The Viceroyalty of Brazil (Vice-Reino do Brasil) refers, in narrow scope, to office of viceroy of the Portuguese colonial State of Brazil and, in broad scope, to the whole State of Brazil during the historic period when its governors had the title of viceroy. The term "viceroyalty" however never officially designated the title of the colony, which continued to be designated "state". Until 1763, the title "Viceroy" was occasionally granted to some governors of Brazil who were members of the high nobility, with the remaining keeping the title "governor-general". From around 1763, the title "viceroy" became permanent, so being granted to all governors.

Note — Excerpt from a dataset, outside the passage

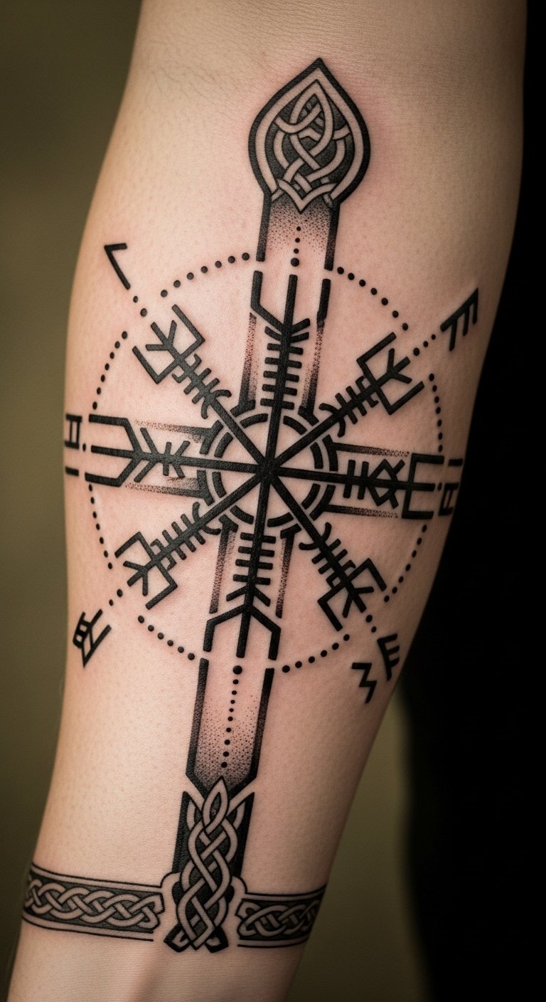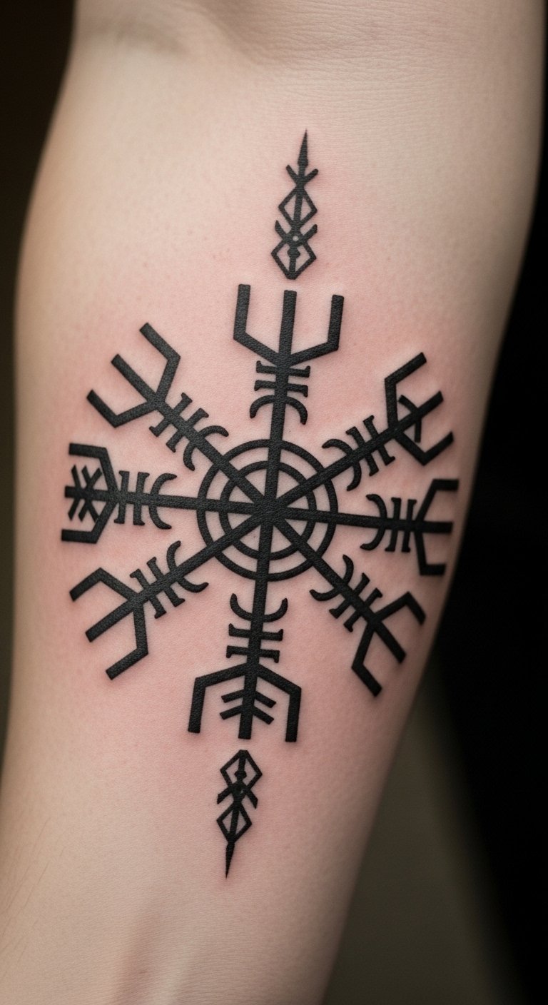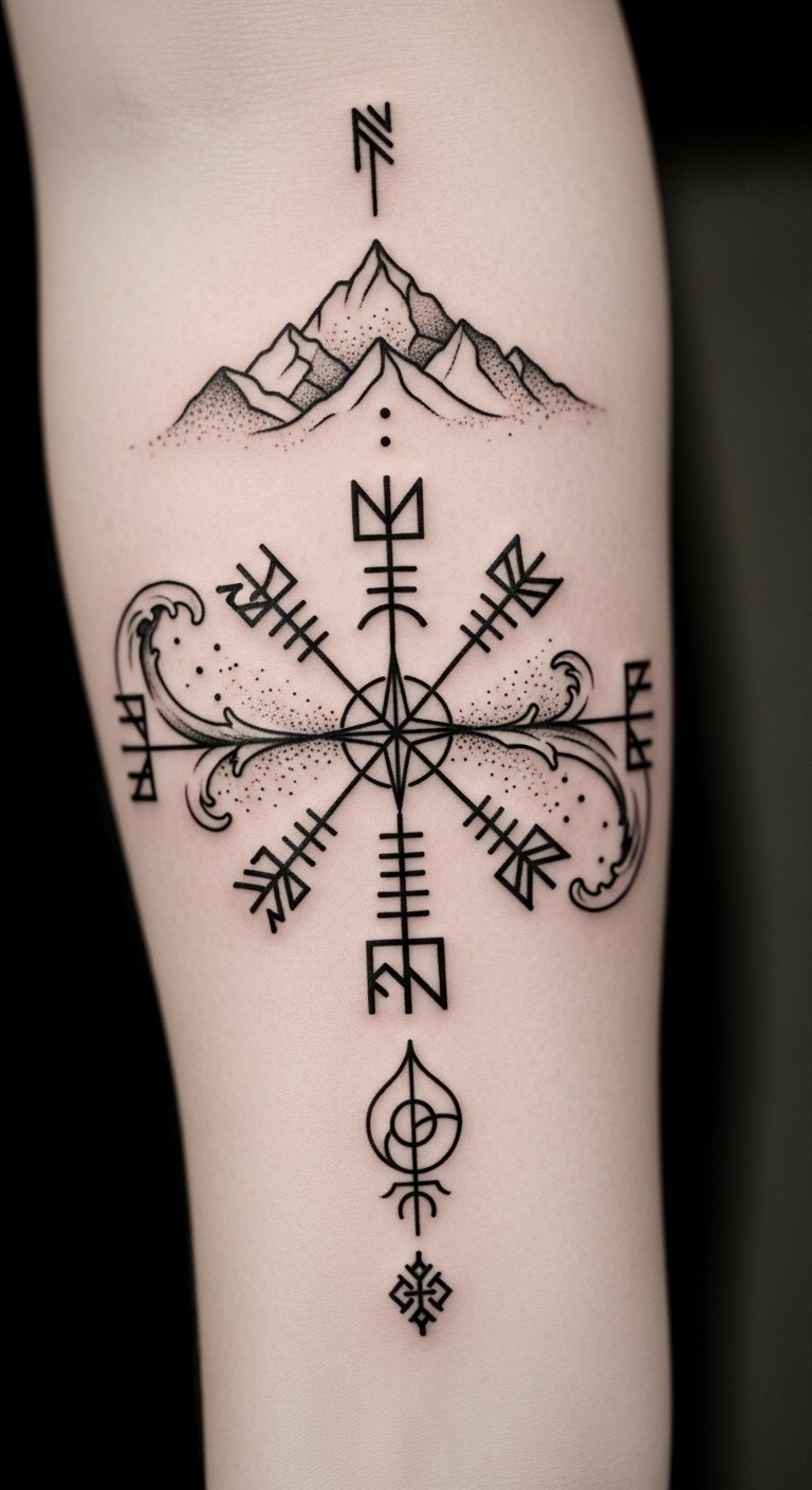 Visually it balances bold staves and delicate runic lines to convey both authority and intimacy, suited to the forearm where movement and visibility reinforce personal commitment.

The position of viceroy was abolished, when the Portuguese court transferred to Brazil in 1808, with the State of Brazil becoming directly administered by the Portuguese Government seated in Rio de Janeiro.

==History==
Since the 17th century, the title of "viceroy" was granted occasionally to some governors of the State of Brazil, who were members of the Portuguese high nobility, with the first being D. Jorge Mascarenhas, marquis of Montalvão, who assumed the office in 26 May, 1640. The remaining, kept the title of "governor-general".

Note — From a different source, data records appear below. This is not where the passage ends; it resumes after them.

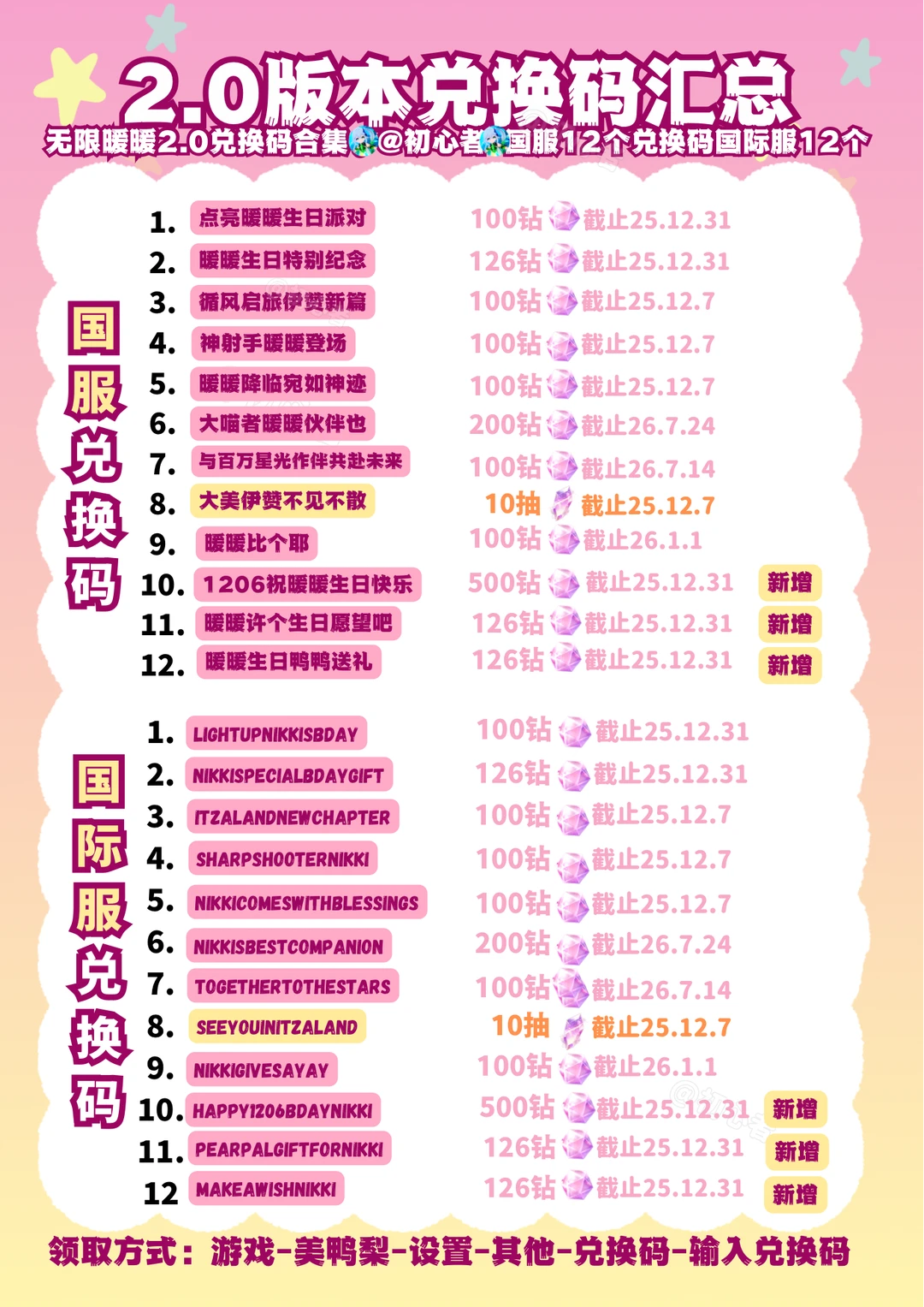 有新增兑换码!500钻+126+126[喝奶茶R][派对R]暖暖祝你生日快乐🎂🎁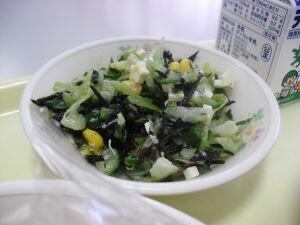 9月24日(火)の献立は【チーズパン・梅塩ラーメン・バンバンジーサラダ】25日(水)は【大山おこわ・五目味噌汁・魚と大豆の青のりがらめ】26日(木)は【麦ご飯・わかめスープ・チャプチャ】本日27日(金)は【麦ご飯・にら玉スープ・鶏肉の香草パン粉焼き・きゅうりの塩昆布和え】でした。どの日の給食もとても美味しかったです。給食に関係する皆様、今週も美味しい給食ありがとうございました。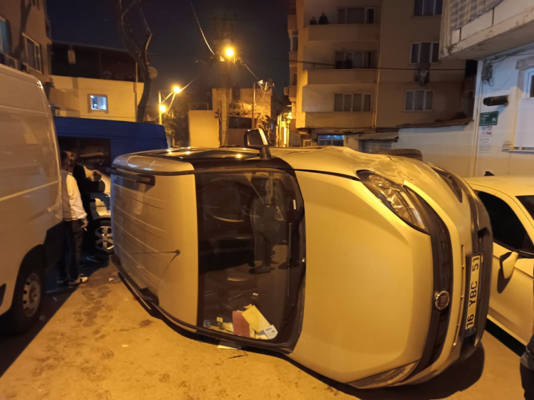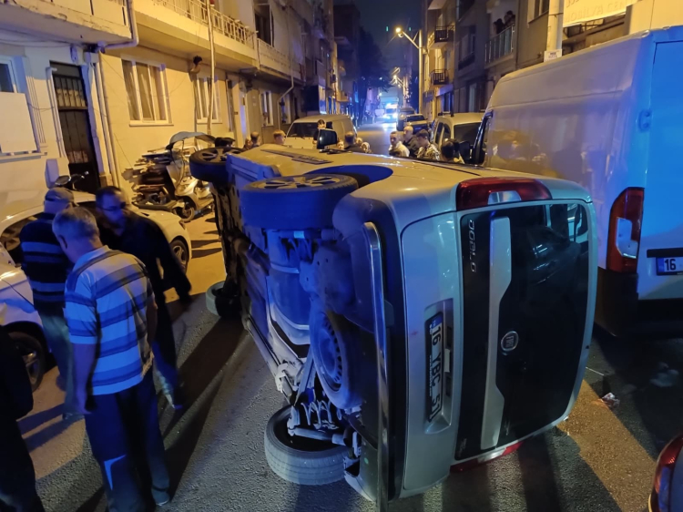 Kaza, Osmangazi ilçesinde saat 20.30 sıralarında Selamet Mahallesi 1'inci Ordulu Sokak'ta meydana geldi. M.A. idaresindeki 16 YBC 51 plakalı hafif ticari araç, sürücüsünün direksiyon hakimiyetini kaybetmesi sonucu park halindeki otomobile çarptı. Çarpmanın etkisiyle araç yan dönerken, içerde bulunan yolculardan biri yaralandı. Kazanın ardından sürücü ile birlikte araçta bulunan 4 kişi çevredeki vatandaşların yardımıyla dışarı çıkarıldı. İhbar üzerine olay yerine sağlık, itfaiye ve polis ekipleri sevk edildi. Sağlık ekipleri yaralıya olay yerinde ayakta tedavi uyguladı.

Around 1763, at the same time that the capital of the State of Brazil was transferred from Salvador to Rio de Janeiro, the title "viceroy" became permanent and, since then, granted to all governors of the State. The driving force for the move was the then tiny village of São Paulo dos Campos de Piratininga, and its capital was made São Sebastião do Rio de Janeiro as a result of the Emboabas' War against Portuguese recent arrivals and colonizers from Bahia, and the consequent shift of economic power to the gold-producing Minas dos Matos Gerais: São Sebastião do Rio de Janeiro was the port where the gold was sent to Portugal, and consequently the point of contact between metropolis and colony.

In 1775, the remaining states of the Portuguese America (Maranhão and Grão-Pará) were integrated in the State of Brazil, becoming under the authority of its viceroy, the capital maintained in Rio de Janeiro.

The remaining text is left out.